Эгон попытался ответить, но пурга затыкала ему рот. Он закрыл глаза. Зачем разговаривать? И что он может сказать? Дома его тоже ждёт дочка. Может, она сейчас играет гаммы... Или спрашивает: «А мой папа что сейчас делает?» Его девочка уже большая, недавно ей исполнилось семь лет. Она ходит в школу. Её карточка надёжно хранится под крышкой карманных часов... Но зачем думать об этом? Надо привыкать к мысли о смерти, смириться с нею, потому что спасения ждать неоткуда и неоткого.
Вот уже целую неделю их преследовали неудачи. Началось всё с того, что внезапно лёд у них под ногами треснул, и океан проглотил нарты со всем снаряжением и собак. Ружья, патроны, спальные меховые мешки, провизия — всё сгинуло в зелёной пропасти. Льдины сомкнулись, словно захлопнулась крышка сундука, и охотники остались на этой пустынной равнине одни, налегке, без тёплых вещей и оружия.
Они переглянулись, а потом перевели взгляд на небо с повисшим в нём солнцем.
Мужество не покидало их — они были не из тех, кто сдаётся без борьбы.
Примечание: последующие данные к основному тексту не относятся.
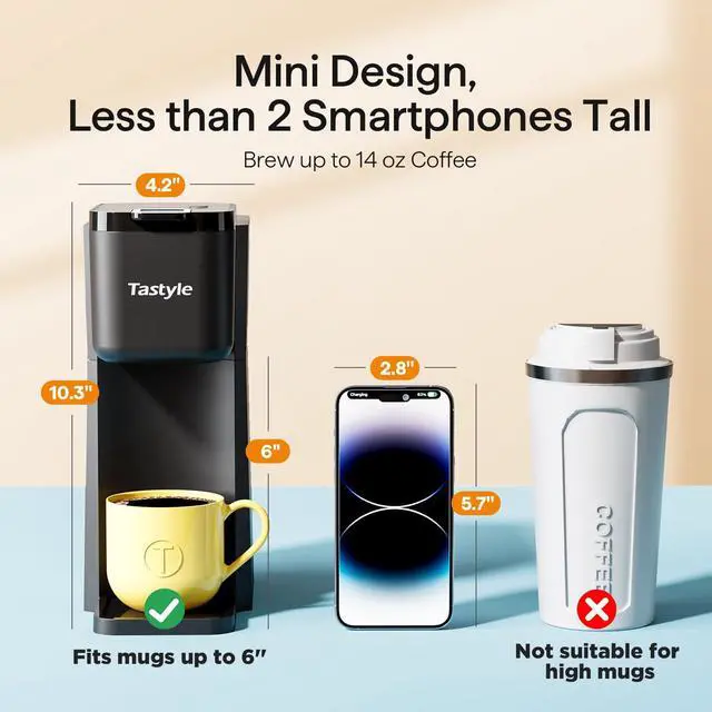 Things to Know Before You Buy: It is a mini coffee maker with dimensions of 8.2"D x 4.2"W x 10.3"H. Fit cups under 6 inches, not compatible with taller travel mugs. No adjustable brew size settings, brew coffee based on the amount of water added. Drip tray not included.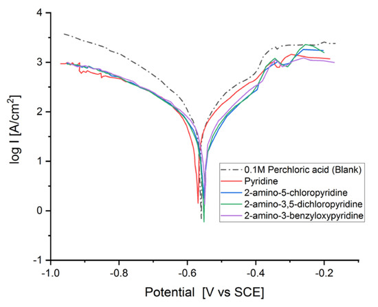 The Tafel graph of the MS electrode in 0.1 M HClO4 are shown in Figure 2, in the absence and presence of pyridine inhibitors at 1 × 10−3 M concentration at 298 K. The inhibition efficiency (IE (%)) was calculated as follows [6,18]:
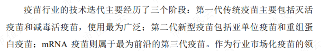 疫苗行业在技术上经历了三个阶段,mRNA是最前沿的第三代,和第一代之间的技术难度恐怕差了不止1-2个数量级。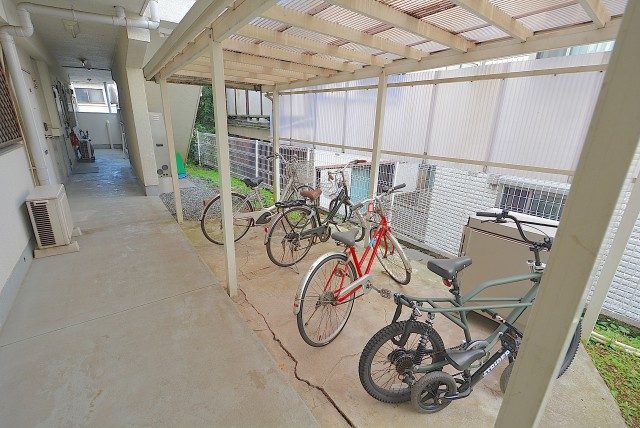 そしてマンション向かって右端が駐輪場とゴミ置き場になっています。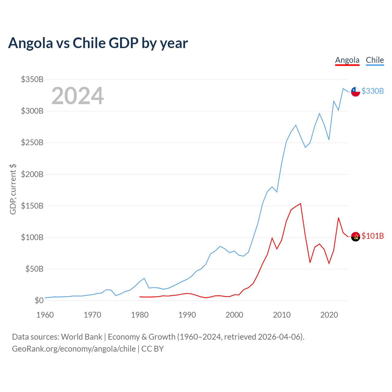 Angola vs Chile GDP by year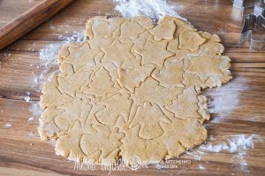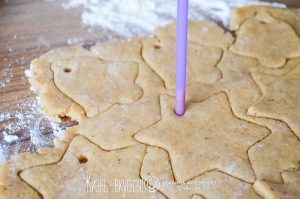 - Раскатывайте тесто в пласт толщиной 5-6 мм (можно и толще, тогда печенья получатся пухленькие) и вырезайте формочками фигурки. При помощи трубочки для коктейля вырезайте отверстия для ленточки, если вы планируете вешать печенье на елку.

— До нашего берега двое суток! — сказал Отто.— Столько времени мы шли сюда, но тогда мы не торопились. Если сразу тронемся в путь и будем идти без отдыха,— дойдём. Ничего особенного, просто очередное приключение! Нам будет о чём порассказать дома. Ведь и Нансену приходилось не легче. Сколько он преодолел трудностей и никогда не терял надежды! Погода хорошая. Думаю, сорок восемь часов без еды и сна тебя не пугают, Эгон!.. Правда? Мы с тобой бывали и не в таких переделках...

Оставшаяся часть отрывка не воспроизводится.